Extracted material below:

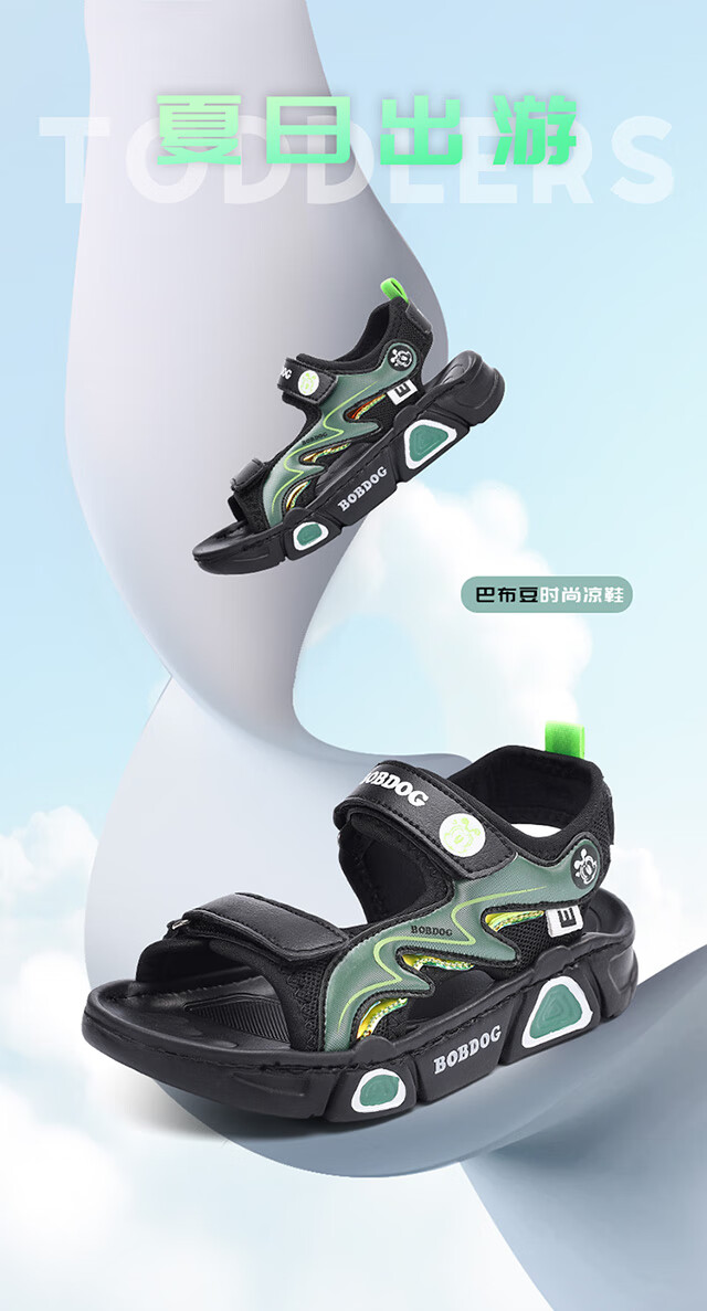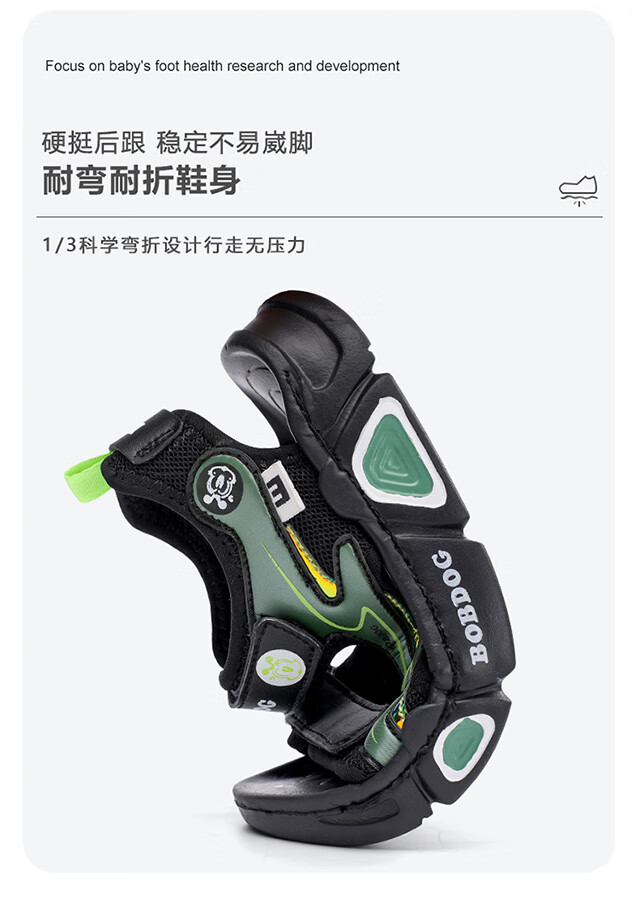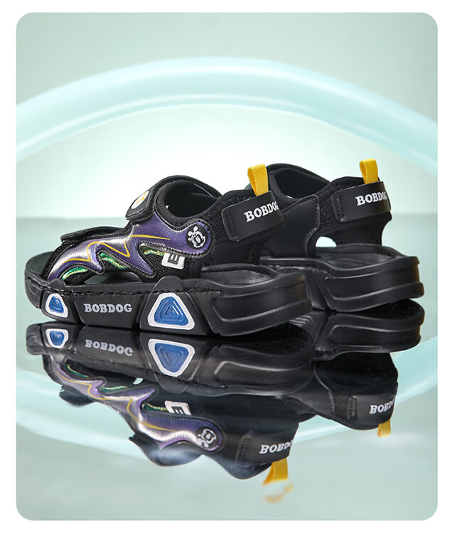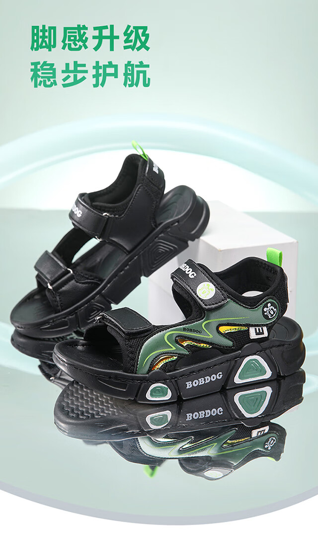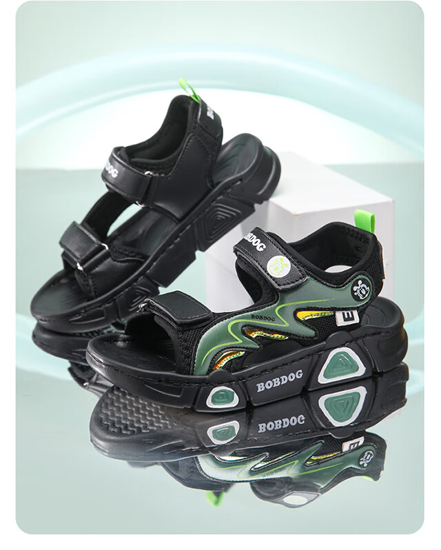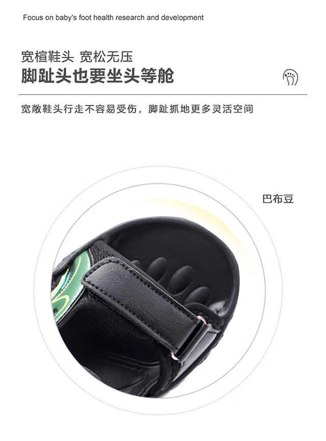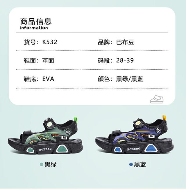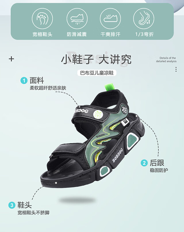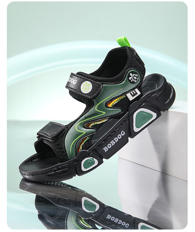 Babudou children's sandals 2025 summer new open-toe student soft-soled beach shoes non-slip middle and large children's sandals XD532/black blue 33 yards standard size
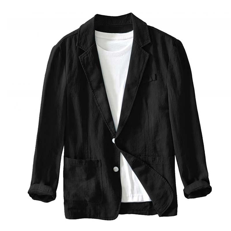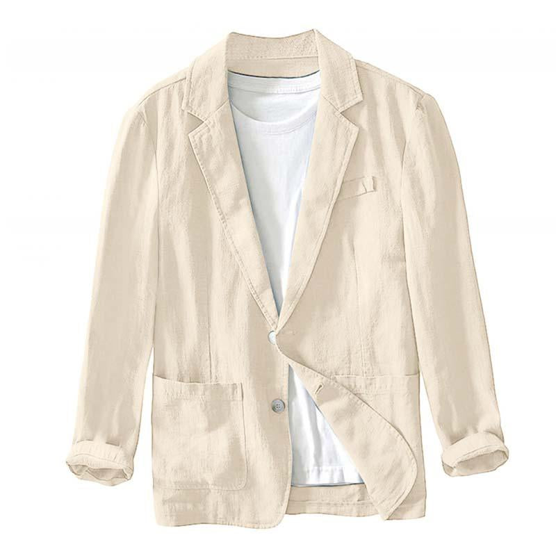 Cotton Linen Fabric: The blazer is crafted from a blend of cotton and linen fabric, combining the breathability and softness of cotton with the lightweight and natural texture of linen. This fabric blend ensures comfort and allows for breathability, making it suitable for various weather conditions.
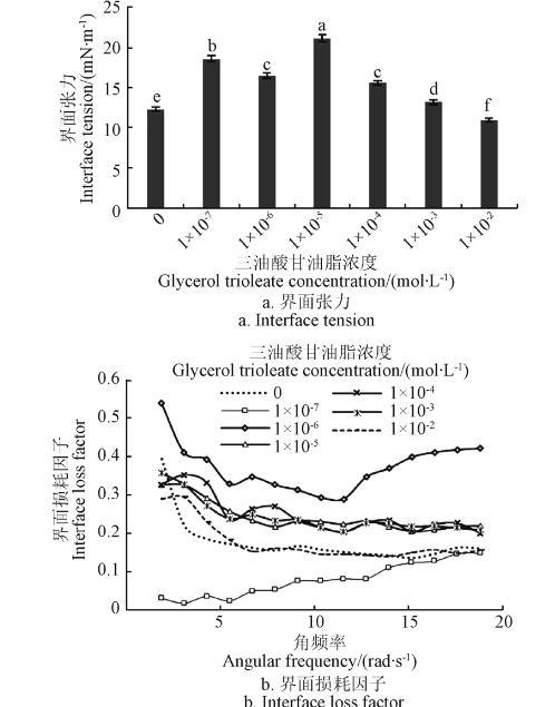 三油酸甘油酯濃度對油水界面特性的影響見圖6。由圖6可見,當麥胚LA濃度為1.70×10-6mol/L時,油水界面張力隨癸烷中三油酸甘油酯濃度的增加呈現(xiàn)先增加后減小的變化規(guī)律;當三油酸甘油酯濃度介于10-5~10-3mol/L時,相同角頻率時界面損耗因子隨著濃度增加無明顯變化規(guī)律。此外,在試驗過程中,界面張力隨時間延長呈現(xiàn)一定下降趨勢,這說明麥胚LA與三油酸甘油酯的水解過程也會對界面張力產(chǎn)生一定影響。原因在于,在界面體系中,三油酸甘油酯可被麥胚LA水解,產(chǎn)生小分子的油酸等,三油酸甘油酯與麥胚LA組成的界面發(fā)生變化,進而影響界面特性。
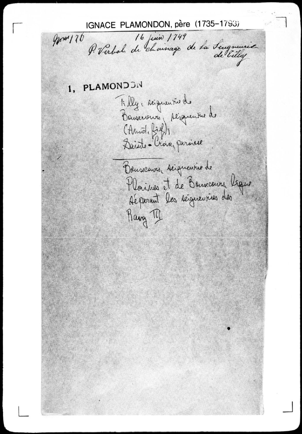 - La pièce se compose du procès-verbal de chaînage du front de onze terres à partir de la ligne qui sépare le fief de Belle-Plaine (seigneurie des Plaines) du fief Bonsecours et de ligne et bornes séparant deux desdites terres, lesquelles terres étant situées à la troisième concession, dans la seigneurie de Bonsecours. Elle concerne directement: François Marote (Marotte, Marot); Joseph Chauret (Choret); François Grenier; Jacques-Charles Houde (Houle); les nommés Bellefeuiel (Bellefeuille); Pierre Champagne; Pierre Demer (Demers); Jean-Joseph Houde (Houle); Simon Houde (Houle).
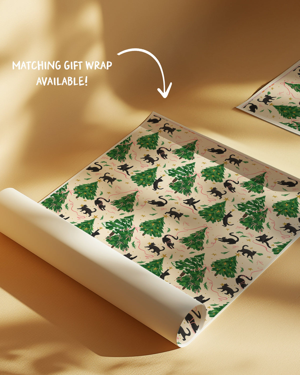 A Christmas card featuring playful black cats and festive tree illustrations, finished with metallic gold printing on both the cover and the inside message. Printed in the UK on high-quality cardstock.
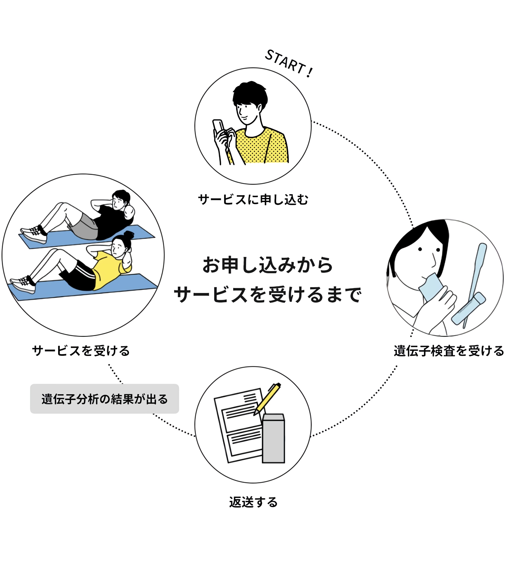 受けたいサービスに申し込みをすると、遺伝子検査キットが送られます。その結果をもとにプロがあなた専用のメニューを組むことで、ご自身のさらなる体調管理やステップアップに活かしていただくことができます。

End of Extracted material.

Problem requirements »
The answer is the lines above, word for word, from the first one through the one containing "三油酸甘油酯濃度對油水界面特"; it includes no pictures.

Solution to this exercise »
 Babudou children's sandals 2025 summer new open-toe student soft-soled beach shoes non-slip middle and large children's sandals XD532/black blue 33 yards standard size
 Cotton Linen Fabric: The blazer is crafted from a blend of cotton and linen fabric, combining the breathability and softness of cotton with the lightweight and natural texture of linen. This fabric blend ensures comfort and allows for breathability, making it suitable for various weather conditions.
 三油酸甘油酯濃度對油水界面特性的影響見圖6。由圖6可見,當麥胚LA濃度為1.70×10-6mol/L時,油水界面張力隨癸烷中三油酸甘油酯濃度的增加呈現(xiàn)先增加后減小的變化規(guī)律;當三油酸甘油酯濃度介于10-5~10-3mol/L時,相同角頻率時界面損耗因子隨著濃度增加無明顯變化規(guī)律。此外,在試驗過程中,界面張力隨時間延長呈現(xiàn)一定下降趨勢,這說明麥胚LA與三油酸甘油酯的水解過程也會對界面張力產(chǎn)生一定影響。原因在于,在界面體系中,三油酸甘油酯可被麥胚LA水解,產(chǎn)生小分子的油酸等,三油酸甘油酯與麥胚LA組成的界面發(fā)生變化,進而影響界面特性。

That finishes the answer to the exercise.